Field tax for sports remains |

Field tax for sports remains

Robert Stern

The player tax for the Community Athletic Coordinating Council will remain $7 this season, it was decided Tuesday.

A longtime problem of too many athletes and not enough ball fields led to the additional player fee which began at $2 in 1992. The fee helps pay for field improvements and maintenance.

The city of South Lake Tahoe and Lake Tahoe Unified School District officials say the CACC and its player fees are necessary because the two agencies are unable to pay for the entire cost of maintenance.

“Without these extra funds from the CACC, it would make it real difficult to maintain the fields,” said Steve Weiss, park and recreation superintendent and the city’s CACC representative.

The CACC, which collects the fees from each player for each sport, approved keeping the fee at $7. The fee passed with an overwhelming majority, but it was not unanimous.

During the meeting to approve fees, some were hoping for a fee reduction because the CACC has $48,000 in its bank account.

“We were hoping for a lesser fee until funds get used and then raise the fees,” said Dave Olivo, the CACC boardmember who represents the American Youth Soccer Organization.

Last year the CACC spent $8,300 on maintenance. Last year all the leagues, which include soccer, football, softball and others, including adult athletic leagues, had 2,364 participants. This means $3.50 per player went to maintenance fees last year. The rest of the money was either spent on projects or put in the bank.
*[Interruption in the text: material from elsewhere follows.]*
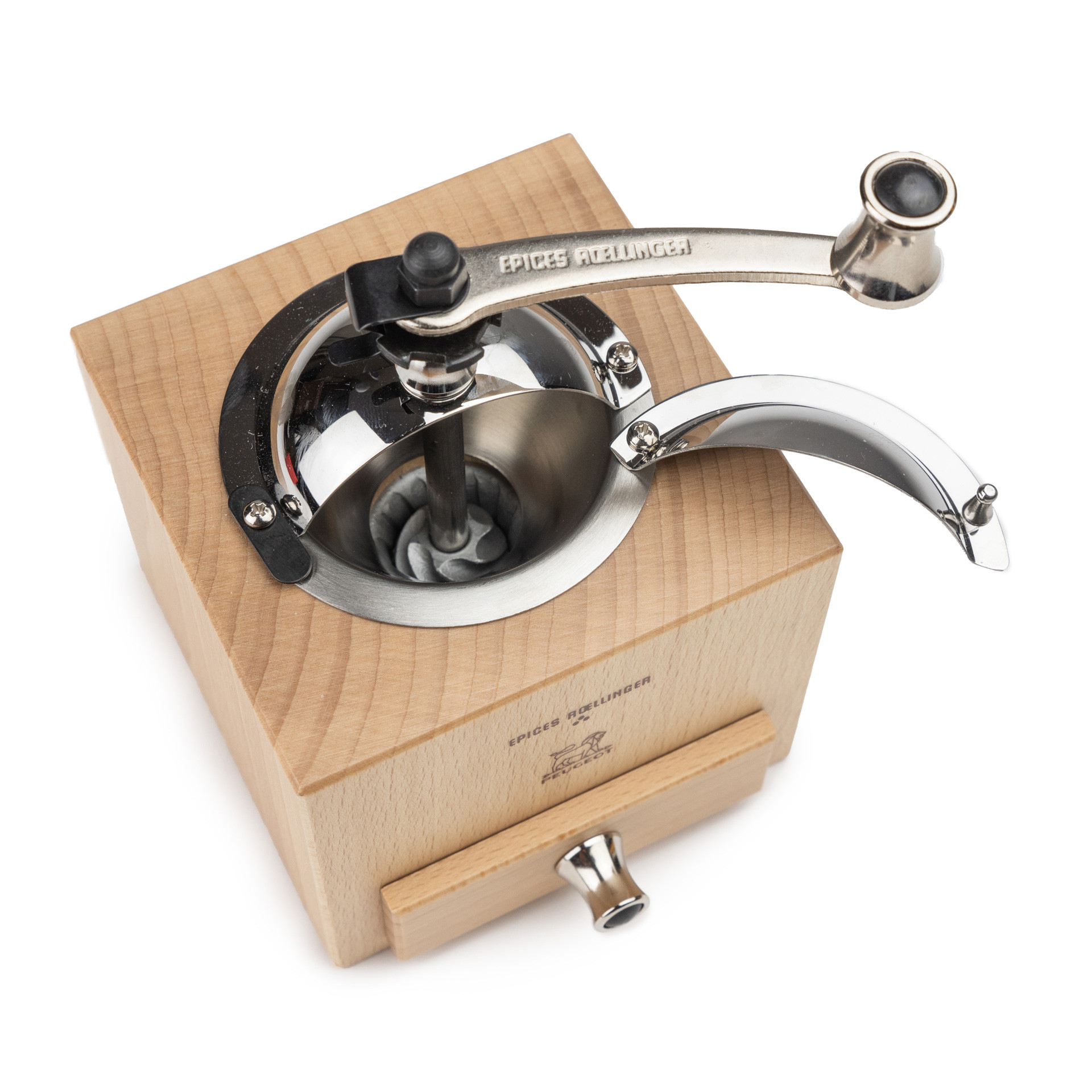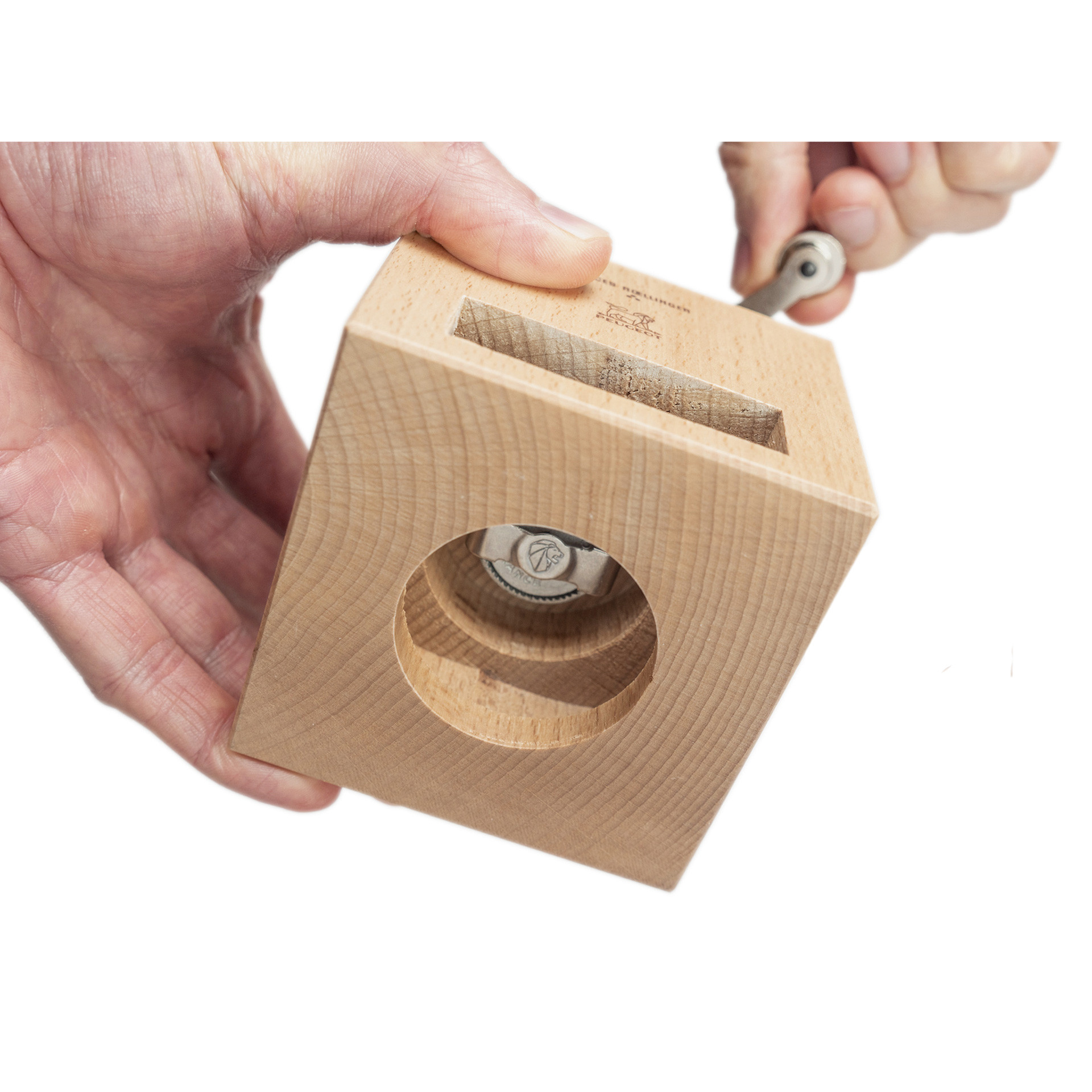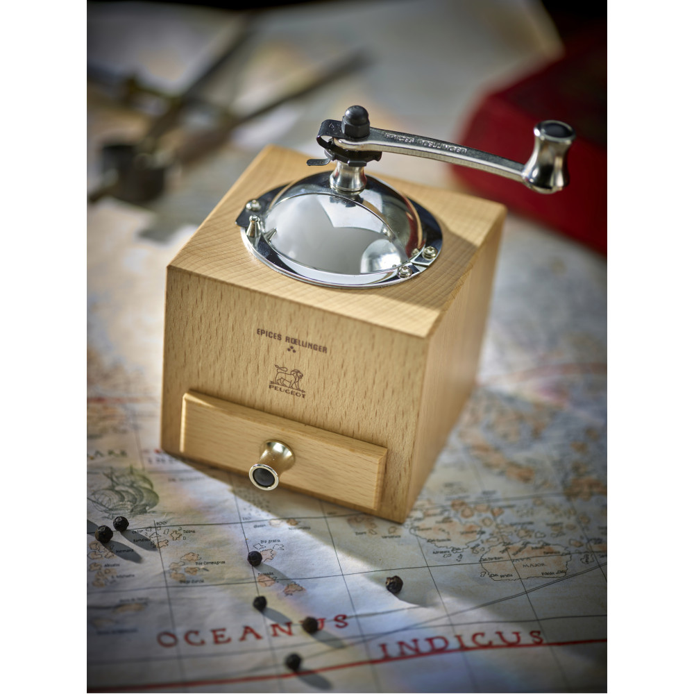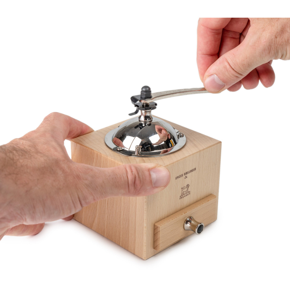 Drewniana, sześcienna obudowa wykonana z drewna bukowego, pomimo niedużych gabarytów jest niezwykle stabilna i wygodna podczas mielenia. Zamykany zbiornik na pieprz w górnej części młynka, wykonany jest ze stali nierdzewnej. Jego wykończenie w wysokim połysku nadaje młynkowi elegancji i podkreśla jego klasyczny design. Napełnianie młynka ziarnami pieprzu jest niezwykle łatwe, a zasuwka zabezpiecza przed wypadaniem ziaren podczas ich mielenia. Stalowa korbka służąca do napędzania młynka jest w doskonałych proporcjach, a jej stalowe minimalistyczne i efektowne zakończenie sprawia, że wygodnie się ją trzyma i wprowadza w ruch. Specjalny kształt szufladki i jej wgłębienie pozwala na precyzyjne zbieranie świeżo zmielonej przyprawy. Jej otwieranie i zamykanie są niezwykle łatwe i płynne. Emblemat z symbolem lwa – znak firmowym marki Peugeot - nadaje całości szyku i wysublimowania. Regulacja stopnia mielenia (mniej lub bardziej drobnego pieprzu) odbywa się za pomocą pokrętła znajdującego się pod korbką.

“I feel that there is a need for the CACC,” said Jerry Weldy, president of Little League. “I do have concerns that there is no master plan for the money. I think the fees could be more in line with the actual usage of the money.”

Bruce Brown, the council representative for Little League, was concerned because there are unfinished projects on the list from last year and the council is also adding new projects.
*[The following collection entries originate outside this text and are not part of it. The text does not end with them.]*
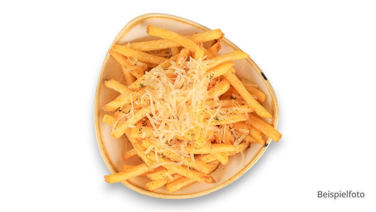 Pommes frites mit Speck vom Schwein und Käsesoße
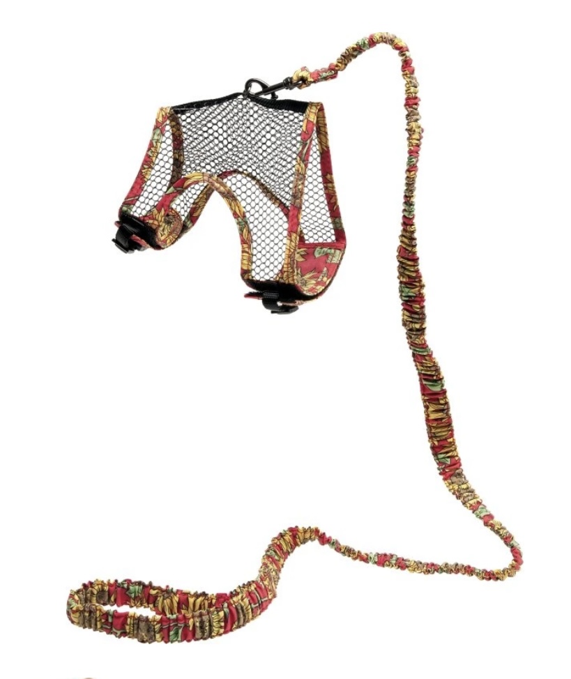 Barevný postroj s vodítkem na králíky. Díky postroji bude tah rovnoměrně rozložen na celé tělo živočicha. To zajišťuje nejen pohodlí, ale i bezpečnost.
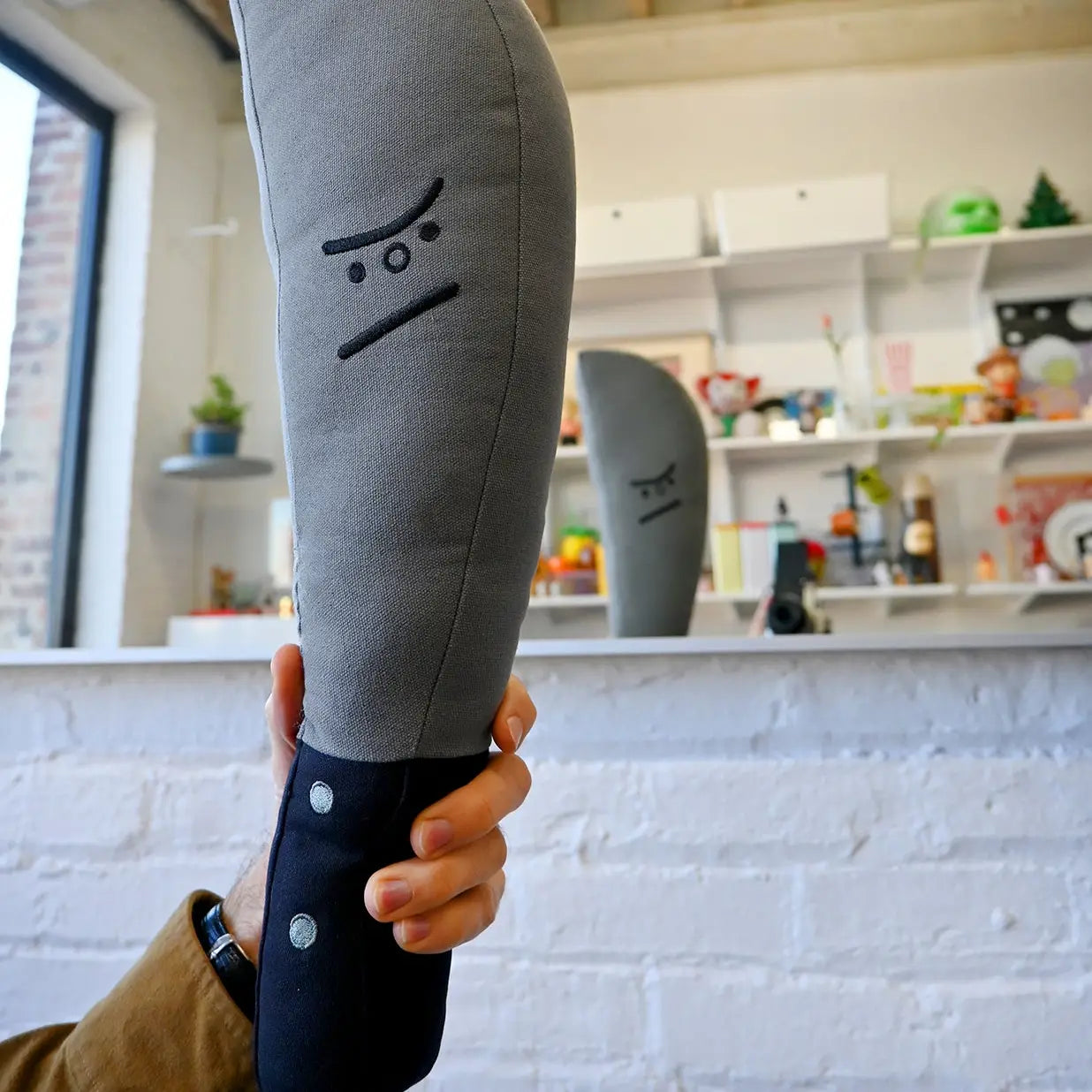 Say hello to your grumpy friend! Finally, a machete that's safe to throw around and hug. Machete measures 20"X 4.5"X 5.5". Featuring embroidered grump face on both sides. Fully stitched-up 100% cotton duck pillowcase with fluffy stuffing. ✧CARE: -Spot clean only.
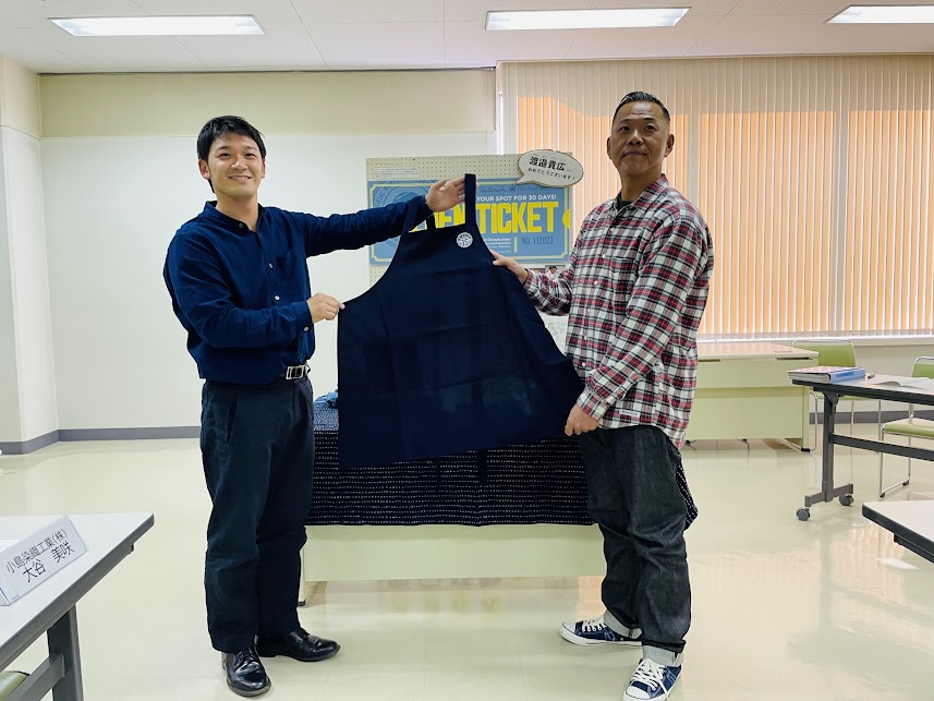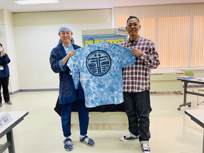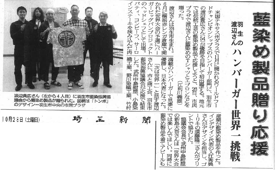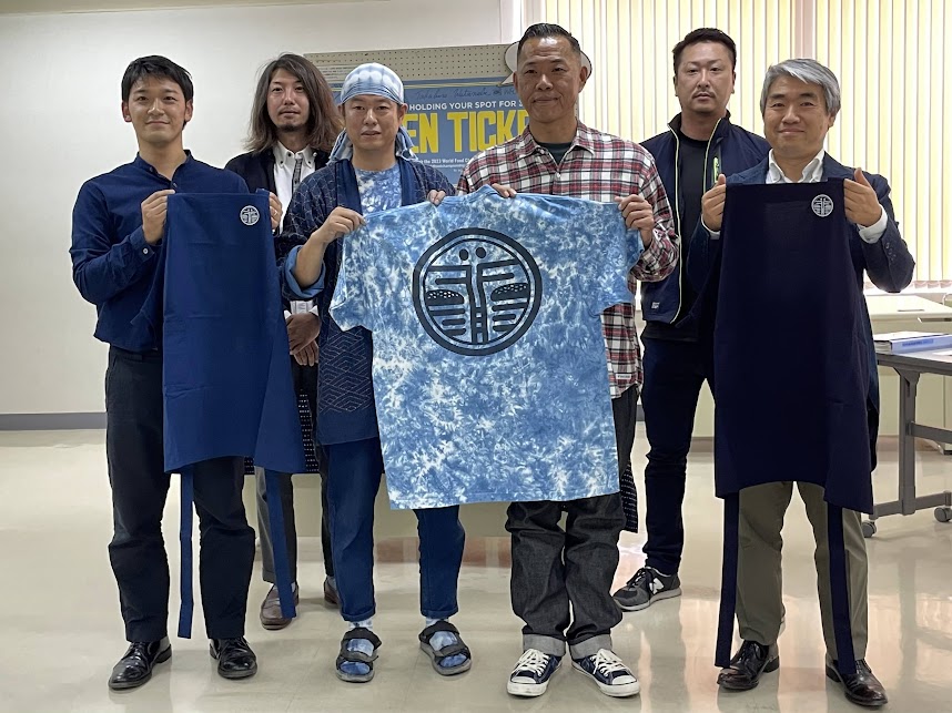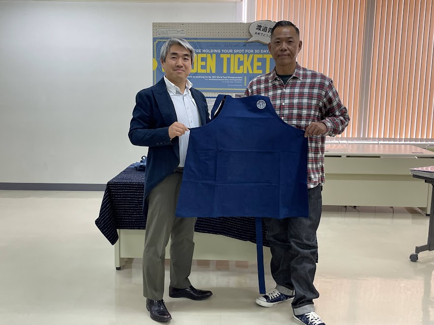 今年6月、横浜赤レンガ倉庫で開かれた世界最大級のフードスポーツイベント、そのハンバーガー部門「JAPAN BURGER CHAMPIONSHIP 2023」で見事全国一位となり、次はアメリカの世界大会に出場されることになられたチームのヘッドシェフ=渡邉貴広さん。羽生市藍染振興協議会では、渡邉さんに対しその応援の意を込めて藍染のTシャツとエプロンを贈呈しました。

“Am I going to tell you (Steve Morales, maintenance and facilities director for the school district) and I are going to get all these projects done?” Weiss said. “No, but we’re going to give it our best shot.”

Weiss also said that he is hoping to use additional funds to put artificial turf on one of the fields proposed by Measure S, which would eliminate the need for maintenance.
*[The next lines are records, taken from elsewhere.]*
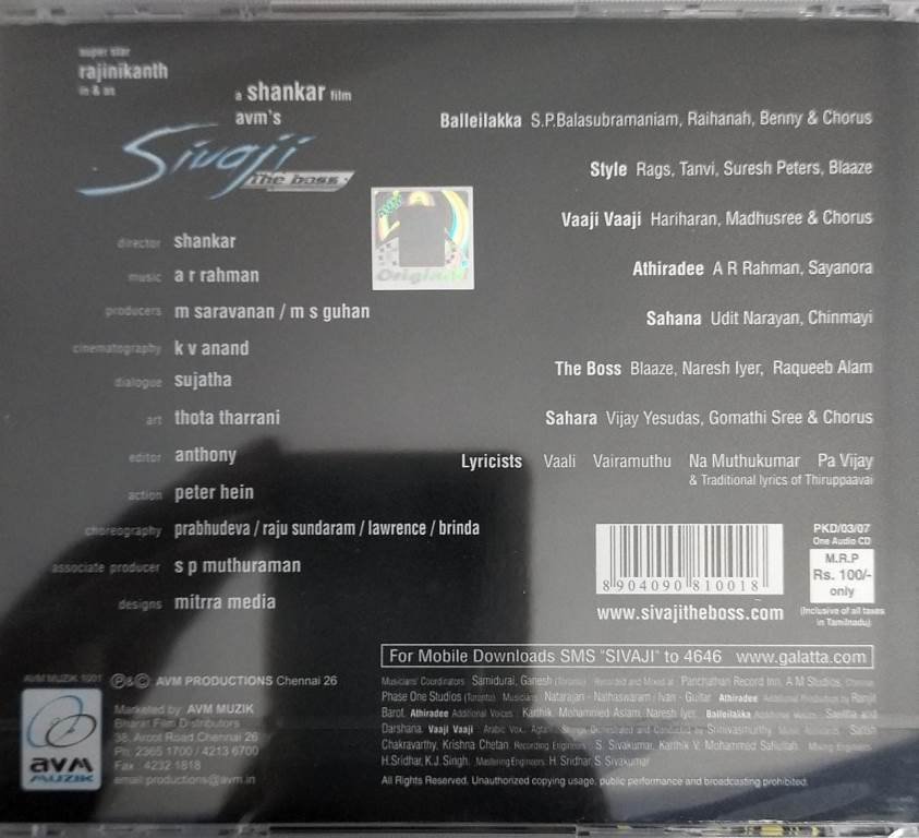 Sivaji Tamil Film Audio CD by A R Rahman
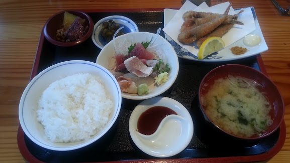 しかし残念な事に日曜とあって生シラス漁の船がでないそうで、断念。変わって、まぐろカツとお奨めの海鮮ちらしをいただいた。暑さ2㎝位の厚切りのまぐろにカラッとした衣は、食べごたえ充分で大満足。魚市場直送のまぐろは、一味違う。
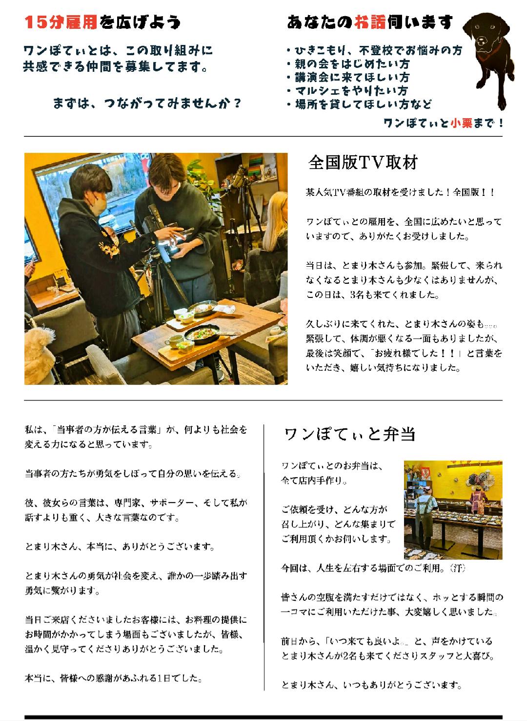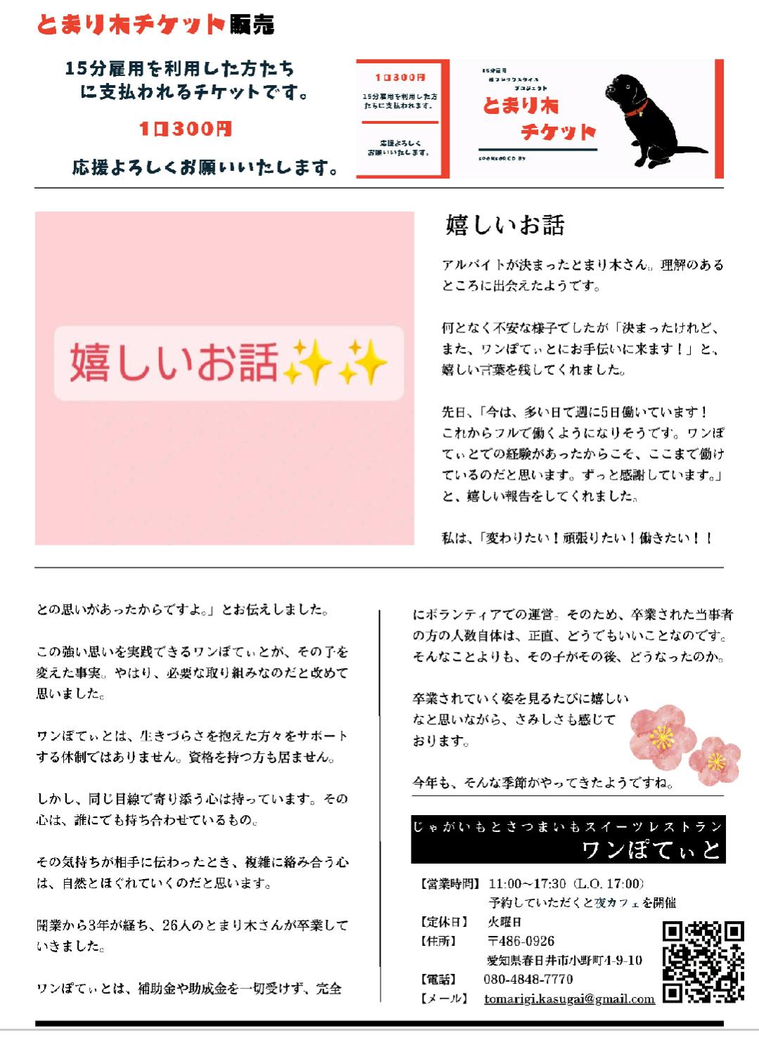 そんなエピソードも盛り込んだとまり木新聞をお送りさせていただきます。

“We’ve been saving so we can do bigger and better things, so we need a lot of funds,” Weiss said.

This year the coordinating council estimates to collect $17,200 in fees.

Between 1992 and 2000 the CACC has collected $207,201 to help pay for maintenance. Of those funds $145,127 have been spent on the two “Field of Dreams” at the South Tahoe High School, a project Weiss said is what prompted the fees. But, after nine years only one of those fields is operational because of drainage problems. The second Field of Dreams, however, is expected to be ready by Aug. 6, Weiss said.

This year El Dorado County has donated $35,000 to the CACC specifically to be used for the Field of Dreams. This is above the $48,000 the CACC has in its bank account.

The school district and the city have a Mutual Use and Maintenance agreement, which holds both entities responsible for the maintenance of the fields, all of which are on district property. Last year the city spent $35,000 on field maintenance and the district spent $84,000, according to Weiss.

The agreement also states that donations are acceptable.

“I see no problem accepting money from a nonprofit group wanting to help maintain those fields,” said City Attorney Catherine DiCamillo, who is also on the Little League board.

“I have never professed to say that if you don’t pay, you can’t use the fields,” Weiss said.

But members of the council agreed Tuesday night that each organization needs to pay the fees to be a member of the coordinating council, which decides who uses fields and when the fields are used.

The CACC is an independent organization that has the power, according to its bylaws, to coordinate use of the fields and recommend improvements. It does not specify that it has the power to collect money.

However, the bylaws state, “The purpose of the Community Athletic Coordinating Council shall be to improve and enhance athletic activities and facilities within the South Lake Tahoe Basin,” a clause Weiss said gives the CACC the power to collect fees.

The CACC has one representative from the city (Weiss) and one from the school district (Morales), who sit on the CACC board.

“I don’t believe there was an official action to put together the (CACC),” Morales said. “Representatives from the city, school and youth groups said we need to put together a group to maximize field use and improve the quality of the fields.”